RECORDS PROVIDED below:
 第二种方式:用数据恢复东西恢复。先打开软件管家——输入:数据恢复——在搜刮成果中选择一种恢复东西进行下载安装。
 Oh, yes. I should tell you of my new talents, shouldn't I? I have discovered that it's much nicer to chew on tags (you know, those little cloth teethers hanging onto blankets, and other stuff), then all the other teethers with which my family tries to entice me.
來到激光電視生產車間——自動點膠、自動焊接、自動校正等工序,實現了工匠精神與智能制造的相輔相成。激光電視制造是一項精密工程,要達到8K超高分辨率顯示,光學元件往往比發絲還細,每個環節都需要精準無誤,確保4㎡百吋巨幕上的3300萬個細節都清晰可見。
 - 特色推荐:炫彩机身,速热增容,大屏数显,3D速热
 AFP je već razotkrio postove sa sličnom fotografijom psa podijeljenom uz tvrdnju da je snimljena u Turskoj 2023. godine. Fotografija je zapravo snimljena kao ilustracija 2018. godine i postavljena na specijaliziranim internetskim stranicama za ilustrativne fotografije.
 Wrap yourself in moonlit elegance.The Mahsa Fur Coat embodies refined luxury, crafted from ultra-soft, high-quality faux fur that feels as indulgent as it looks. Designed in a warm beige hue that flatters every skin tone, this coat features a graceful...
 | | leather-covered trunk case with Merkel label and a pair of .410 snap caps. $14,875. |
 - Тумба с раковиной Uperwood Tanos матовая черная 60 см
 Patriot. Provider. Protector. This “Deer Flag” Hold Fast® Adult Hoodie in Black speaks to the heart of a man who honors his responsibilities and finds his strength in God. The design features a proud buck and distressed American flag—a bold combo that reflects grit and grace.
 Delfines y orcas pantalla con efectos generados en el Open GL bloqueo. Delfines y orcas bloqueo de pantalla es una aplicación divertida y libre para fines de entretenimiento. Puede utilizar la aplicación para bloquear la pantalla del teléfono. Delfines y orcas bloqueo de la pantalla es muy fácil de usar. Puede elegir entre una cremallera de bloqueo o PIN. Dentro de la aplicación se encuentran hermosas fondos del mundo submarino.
End of RECORDS PROVIDED.
▶ _WHAT IS BEING ASKED_: The lines you need are those holding the word "that"; copy each of them from the material above.

▶ _TASK SOLUTION_:
 Oh, yes. I should tell you of my new talents, shouldn't I? I have discovered that it's much nicer to chew on tags (you know, those little cloth teethers hanging onto blankets, and other stuff), then all the other teethers with which my family tries to entice me.
 Wrap yourself in moonlit elegance.The Mahsa Fur Coat embodies refined luxury, crafted from ultra-soft, high-quality faux fur that feels as indulgent as it looks. Designed in a warm beige hue that flatters every skin tone, this coat features a graceful...
 Patriot. Provider. Protector. This “Deer Flag” Hold Fast® Adult Hoodie in Black speaks to the heart of a man who honors his responsibilities and finds his strength in God. The design features a proud buck and distressed American flag—a bold combo that reflects grit and grace.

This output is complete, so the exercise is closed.